**TASK:**
Retype the whole listing, please, keeping every line exact and dropping the pictures.

====== DATA BELOW ======

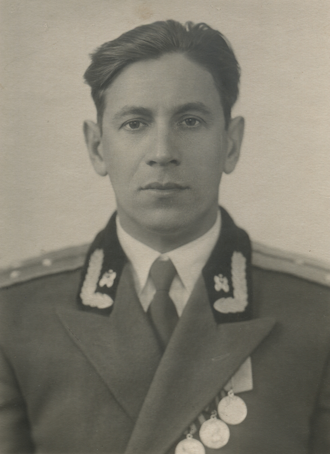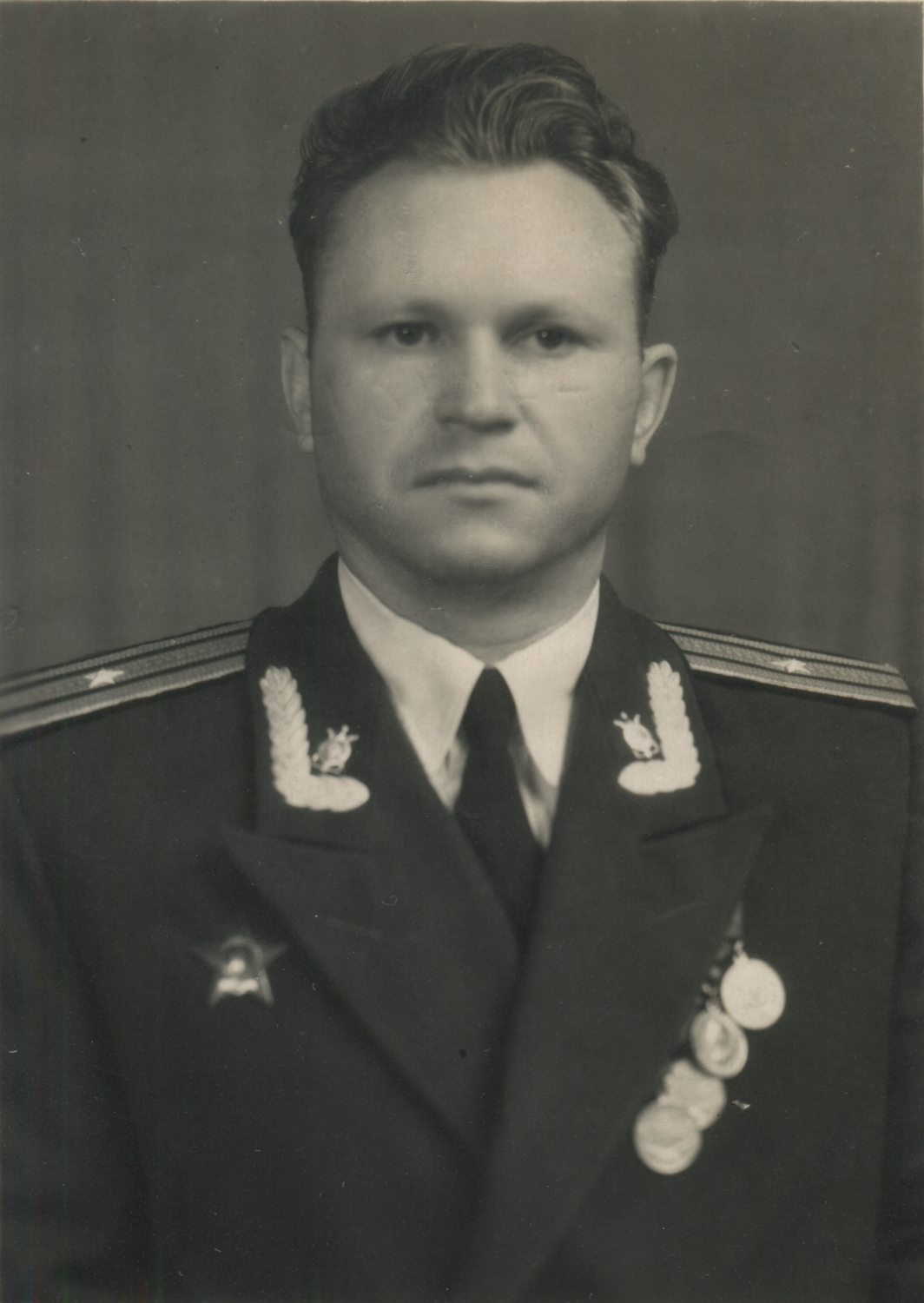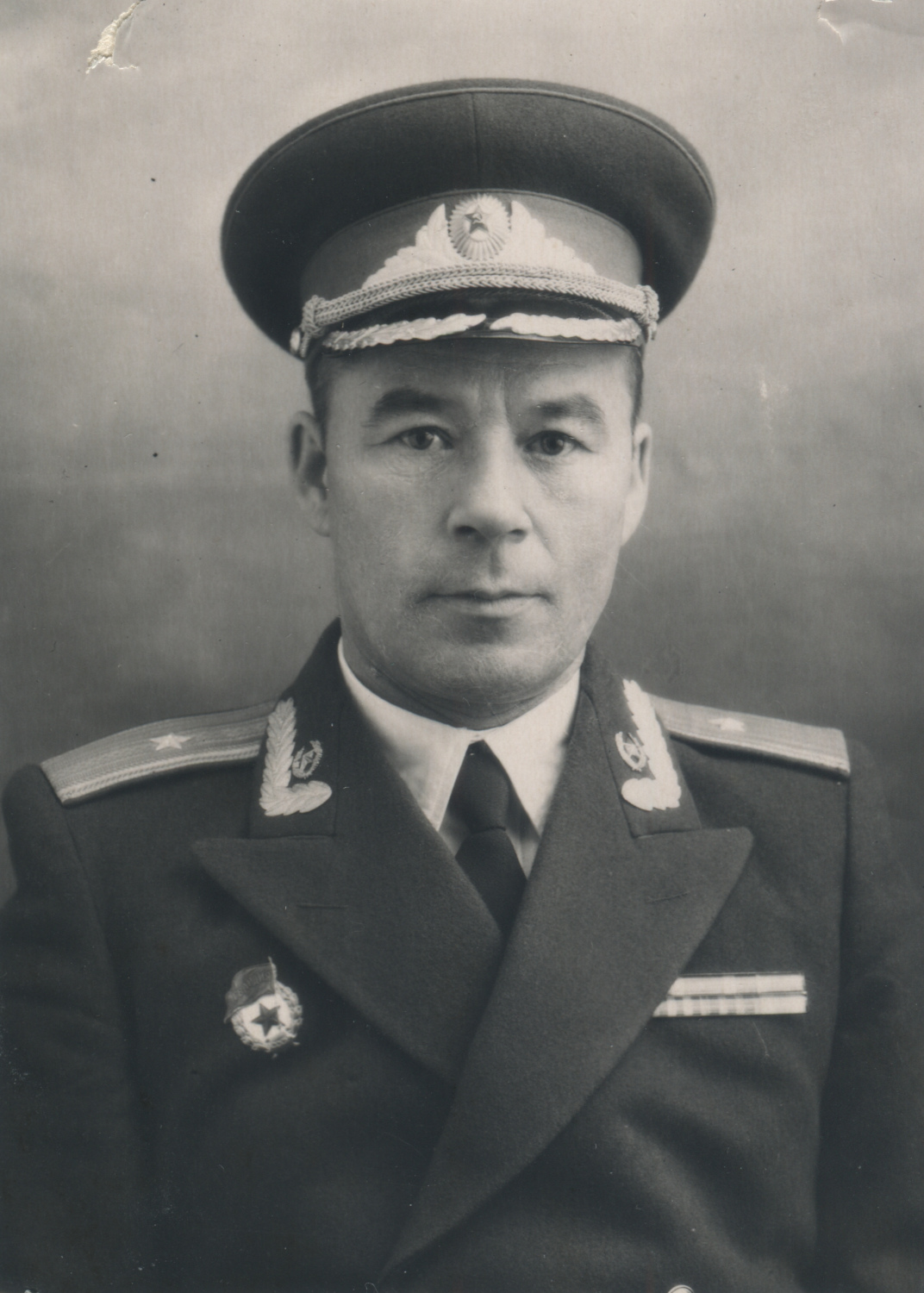 Офицер одной из частей бронетанковых войск Советской армии, по специальности относящийся к инженерным войскам и носящий соответствующие эмблемы на воротнике парадно-выходного мундира БТВ образца 1955 г. с черным бархатным воротником. Коллекция автора
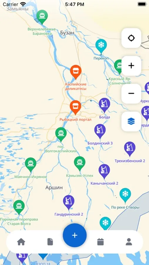 Личный кабинет пользователя позволяет вам создавать гео-закладки для ваших любимых рыбацких мест, а также строить к ним маршруты.
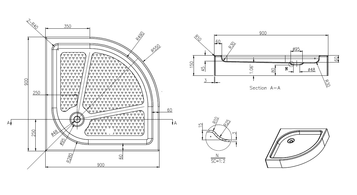 Душевой поддон Azario 900х900х150 R/L, для EDMONTON 2231 900/OTTAWA 2142 900/ONTARIO 2231 900
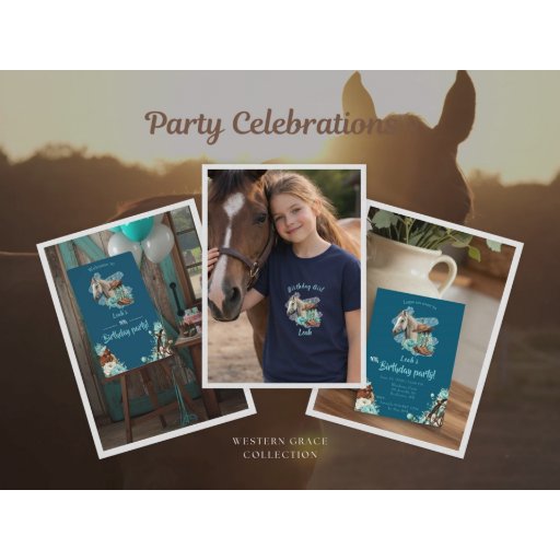 Designed for older girls, teens, and women, this invitation sets the tone for a stylish cowgirl-themed birthday celebration. The refined watercolor artwork balances western charm with a feminine, timeless feel, making it ideal for horse lovers who want a celebration that feels special and thoughtfully designed.

======

**EXPECTED OUTPUT:**
 Офицер одной из частей бронетанковых войск Советской армии, по специальности относящийся к инженерным войскам и носящий соответствующие эмблемы на воротнике парадно-выходного мундира БТВ образца 1955 г. с черным бархатным воротником. Коллекция автора
 Личный кабинет пользователя позволяет вам создавать гео-закладки для ваших любимых рыбацких мест, а также строить к ним маршруты.
 Душевой поддон Azario 900х900х150 R/L, для EDMONTON 2231 900/OTTAWA 2142 900/ONTARIO 2231 900
 Designed for older girls, teens, and women, this invitation sets the tone for a stylish cowgirl-themed birthday celebration. The refined watercolor artwork balances western charm with a feminine, timeless feel, making it ideal for horse lovers who want a celebration that feels special and thoughtfully designed.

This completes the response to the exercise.